*DATA PROVIDED*
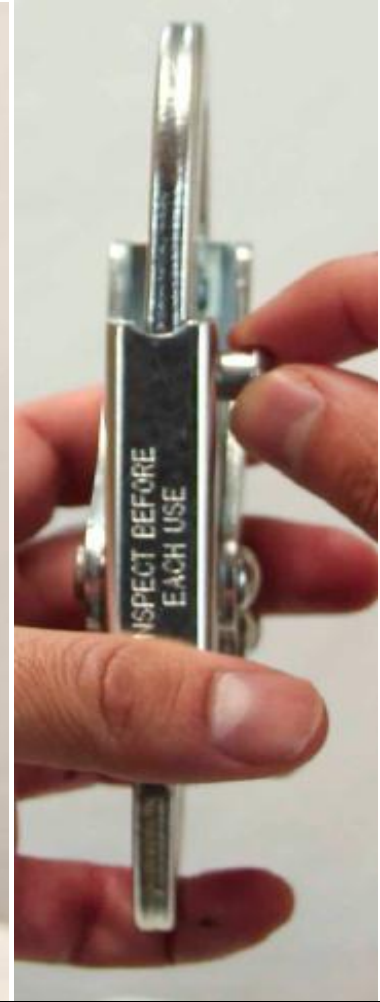
Figure 6B: Use opposite hand to pull rivet free of hook
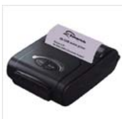
Option:Auto1/2/3 Track MSR
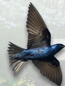
PURPLE MARTIN
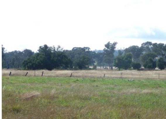
Mulligans Flat Ploughlands site – shown as long, dry grassy paddock, with exotic plantings
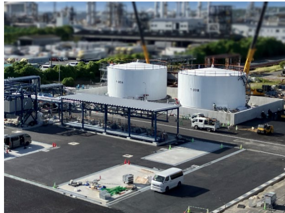
Facility for receiving used cooking oil as feedstock for SAF (on the premises of Cosmo Oil's Sakai Refinery)
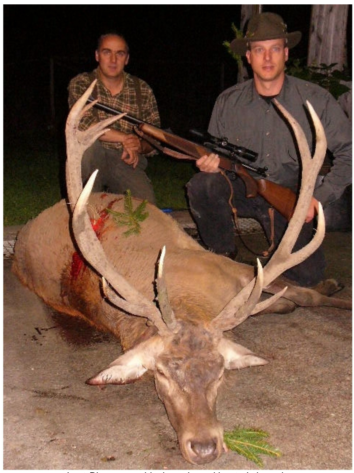
Last Bite, ownership branch, and hunter's branch (Letzter Bissen, Inbesitznahmebruch, und Schützenbruch)
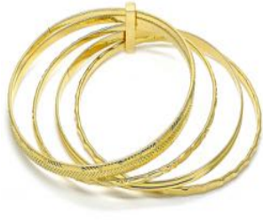
GOLD LAYERED 07.59.0064.06 SET BANGLE, DIAMOND CUTTING FINISH, GOLD TONE (18 MM THICKNESS, SIZE 6 - 2.75 INCHES DIAMETER)
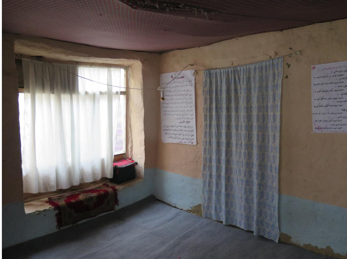
A room used as a classroom for displaced children in Chaman-e-Babrak settlement in Kabul, November 2015

There is also much recent evidence that displaced women and girls find it particularly difficult to access education. A comprehensive 2014 study by the NRC and The Liaison Office found that young displaced women and girls are often forbidden from leaving their homes by male relatives, making attending school—extremely difficult. The isolationism facing women and girls contributed to a sense of desperation and hopelessness, with the study reporting serious mental trauma among interviewees. 218
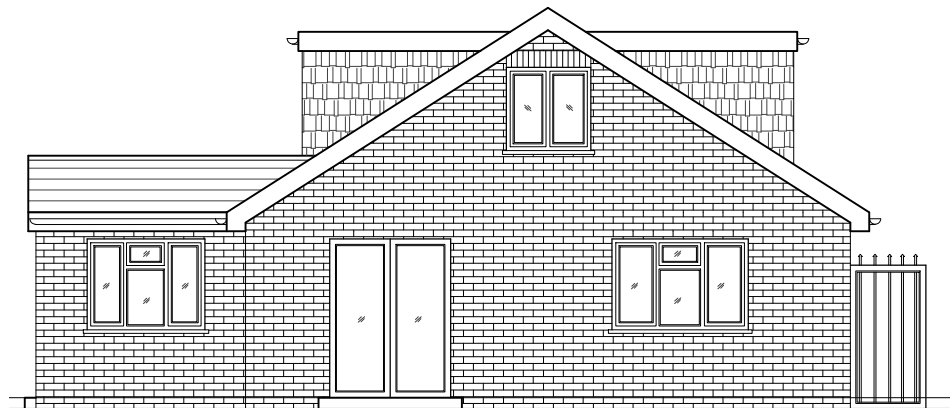
03 - REAR ELEVATION
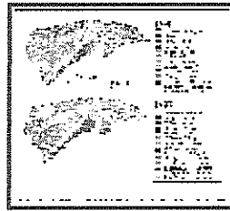
Fig.3. Areas which burned in East Caprivi during 1996 and 1997. Seven percent less was found to have burned in 1997, the year when most fire lines were cut by the community-based fire control project.

1996, against a 8% increase in the area burned over the same two year period in west Caprivi. This supported the proposition that the fire lines had a positive effect in reducing fire extent. However, the assessment would be improved markedly by combining the maps in Figure 3 with an accurate map of the fire lines cut and by mapping burns over additional years to better understand normal variation. Additional work is planned to map susceptible areas with high fire frequencies by mapping additional burn years.
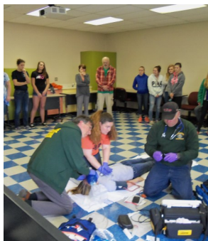
Policies & Plans
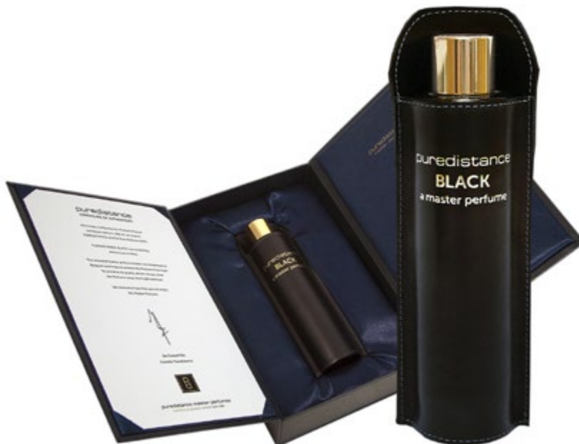
Puredistance BLACK Perfume - 100 ml
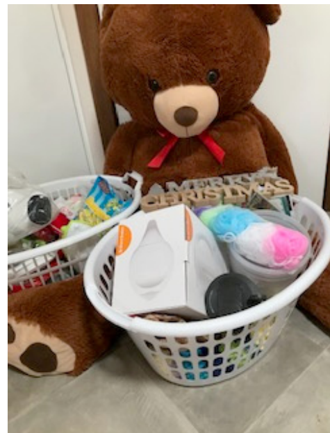
Generously donated by our P&C
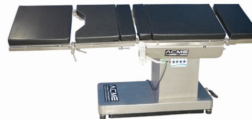
Lateral Tilt Left
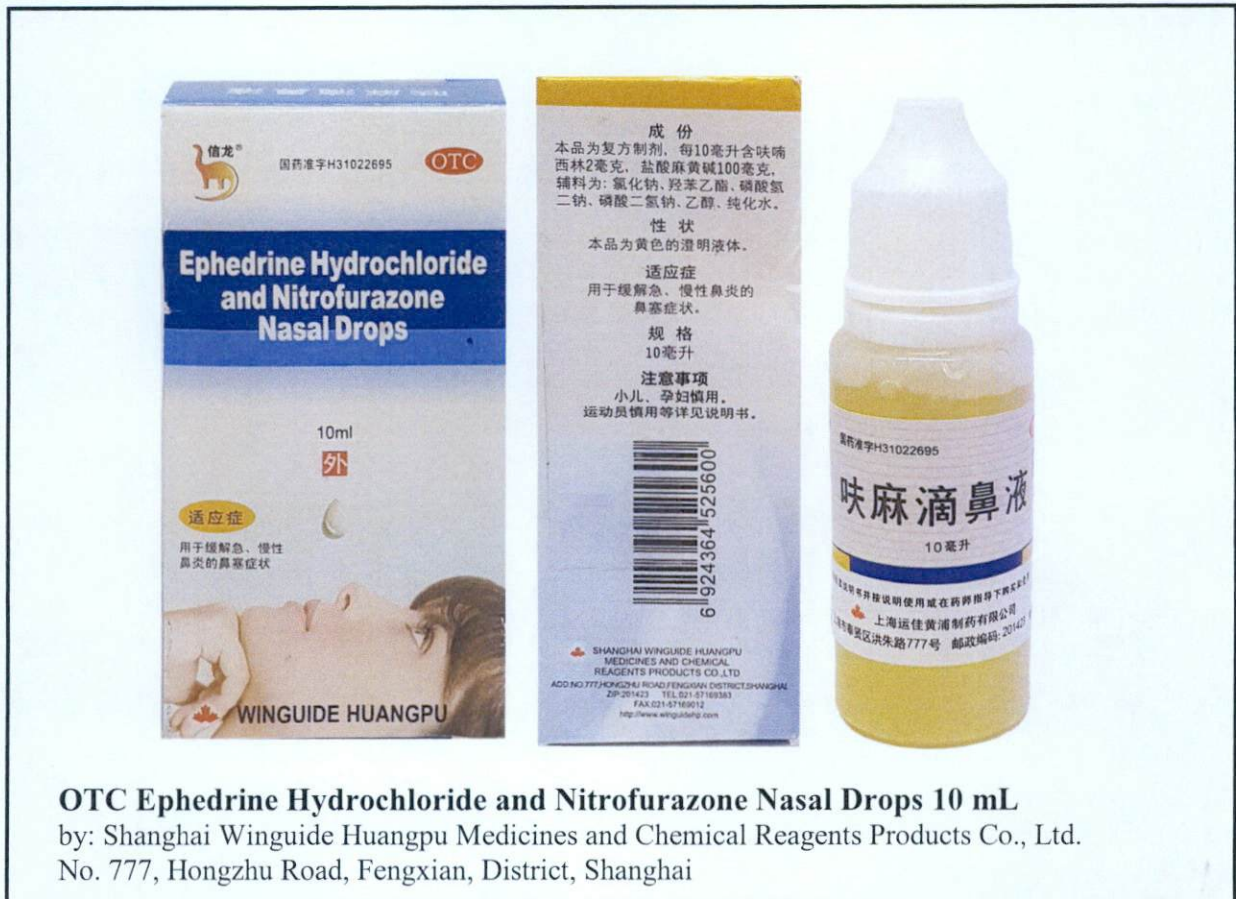
Figure 3. Unregistered drug
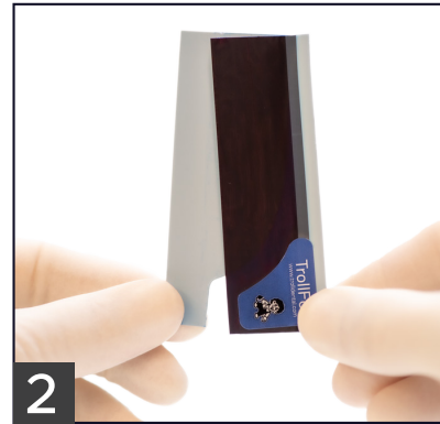
2 Hold TrollFoil with both hands. Your right thumb on the blue sticker and left thumb on the back gray frame near the widest area of the frame.
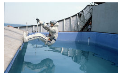
Day-to-Day Life of Baikonur Space Center in Pictures
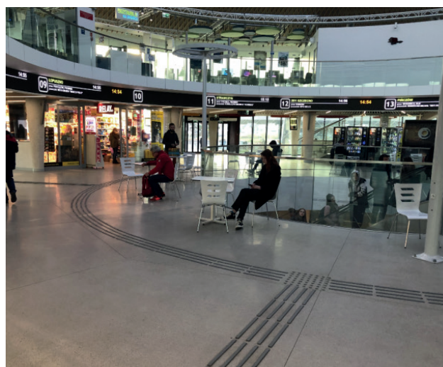
Fig. 24. Horizontal communication in the main hall of the building
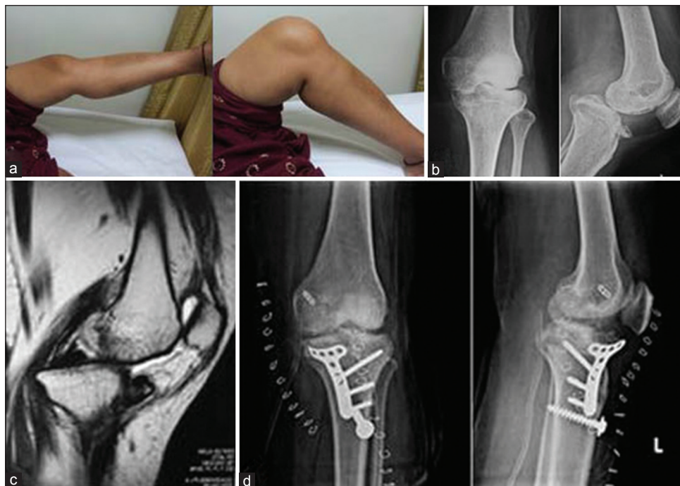
Figure 4: (a) clinical photographs of a patient presented late showing posterior sagging of tibia (b) X-rays of knee joint anteroposterior and lateral views showing tibial plateau injury (c) Sagittal MRI of same patient showing anterior tibial plateau injury (d) immediate postoperative x-ray of knee joint anteroposterior and lateral views showing implant in situ with reduction achieved

Lately, Luo et al. proposed, based on computed tomography (CT) evaluation, the concept of three-column in the treatment of tibial condyle fractures, where three columns were medial, lateral and posterior. 6
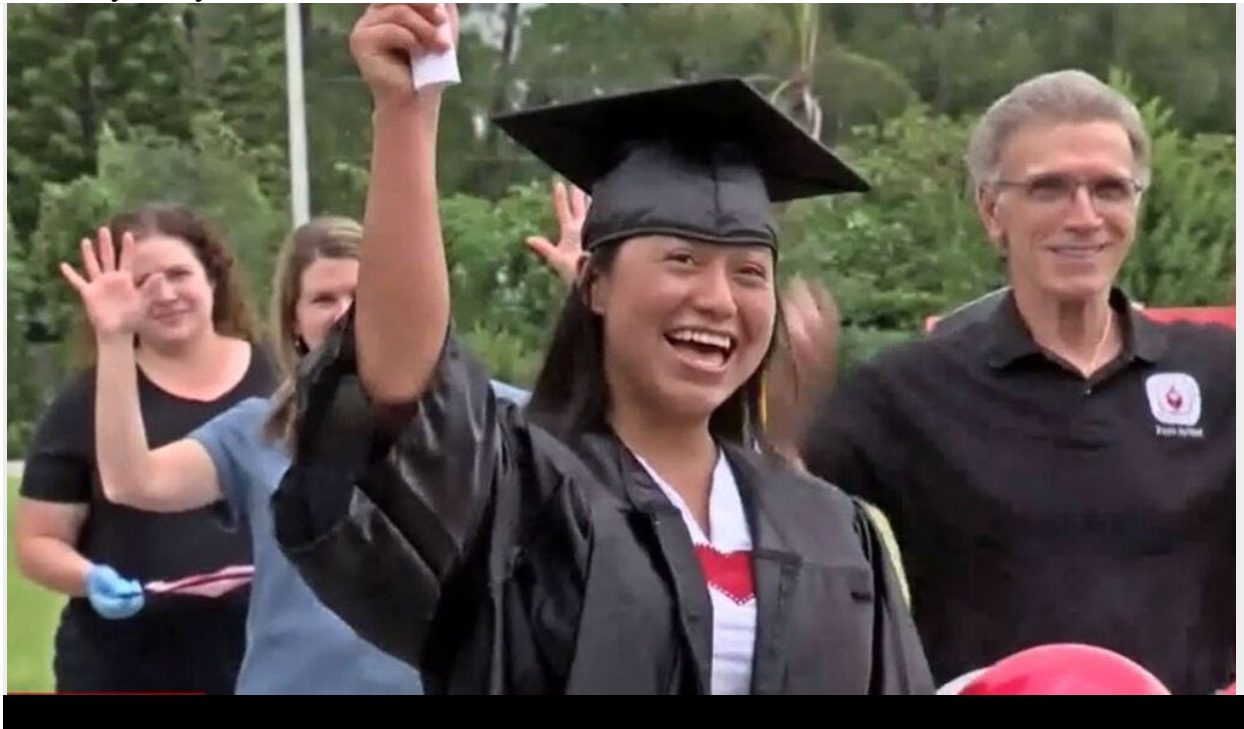
Graduation caravan held for Palm Beach County youth in foster care (WPEC)

WEST PALM BEACH, Fla. (CBS12) — Less than half of foster kids graduate high school and when they do, most of time there is no family there to cheer for them as they walk across the stage.

*TASK INSTRUCTIONS*
When you write out the material, keep every line exact and leave out each picture.

*SOLUTION TO THE EXERCISE*
Figure 6B: Use opposite hand to pull rivet free of hook
Option:Auto1/2/3 Track MSR
PURPLE MARTIN
Mulligans Flat Ploughlands site – shown as long, dry grassy paddock, with exotic plantings
Facility for receiving used cooking oil as feedstock for SAF (on the premises of Cosmo Oil's Sakai Refinery)
Last Bite, ownership branch, and hunter's branch (Letzter Bissen, Inbesitznahmebruch, und Schützenbruch)
GOLD LAYERED 07.59.0064.06 SET BANGLE, DIAMOND CUTTING FINISH, GOLD TONE (18 MM THICKNESS, SIZE 6 - 2.75 INCHES DIAMETER)
A room used as a classroom for displaced children in Chaman-e-Babrak settlement in Kabul, November 2015

There is also much recent evidence that displaced women and girls find it particularly difficult to access education. A comprehensive 2014 study by the NRC and The Liaison Office found that young displaced women and girls are often forbidden from leaving their homes by male relatives, making attending school—extremely difficult. The isolationism facing women and girls contributed to a sense of desperation and hopelessness, with the study reporting serious mental trauma among interviewees. 218
03 - REAR ELEVATION
Fig.3. Areas which burned in East Caprivi during 1996 and 1997. Seven percent less was found to have burned in 1997, the year when most fire lines were cut by the community-based fire control project.

1996, against a 8% increase in the area burned over the same two year period in west Caprivi. This supported the proposition that the fire lines had a positive effect in reducing fire extent. However, the assessment would be improved markedly by combining the maps in Figure 3 with an accurate map of the fire lines cut and by mapping burns over additional years to better understand normal variation. Additional work is planned to map susceptible areas with high fire frequencies by mapping additional burn years.
Policies & Plans
Puredistance BLACK Perfume - 100 ml
Generously donated by our P&C
Lateral Tilt Left
Figure 3. Unregistered drug
2 Hold TrollFoil with both hands. Your right thumb on the blue sticker and left thumb on the back gray frame near the widest area of the frame.
Day-to-Day Life of Baikonur Space Center in Pictures
Fig. 24. Horizontal communication in the main hall of the building
Figure 4: (a) clinical photographs of a patient presented late showing posterior sagging of tibia (b) X-rays of knee joint anteroposterior and lateral views showing tibial plateau injury (c) Sagittal MRI of same patient showing anterior tibial plateau injury (d) immediate postoperative x-ray of knee joint anteroposterior and lateral views showing implant in situ with reduction achieved

Lately, Luo et al. proposed, based on computed tomography (CT) evaluation, the concept of three-column in the treatment of tibial condyle fractures, where three columns were medial, lateral and posterior. 6
Graduation caravan held for Palm Beach County youth in foster care (WPEC)

WEST PALM BEACH, Fla. (CBS12) — Less than half of foster kids graduate high school and when they do, most of time there is no family there to cheer for them as they walk across the stage.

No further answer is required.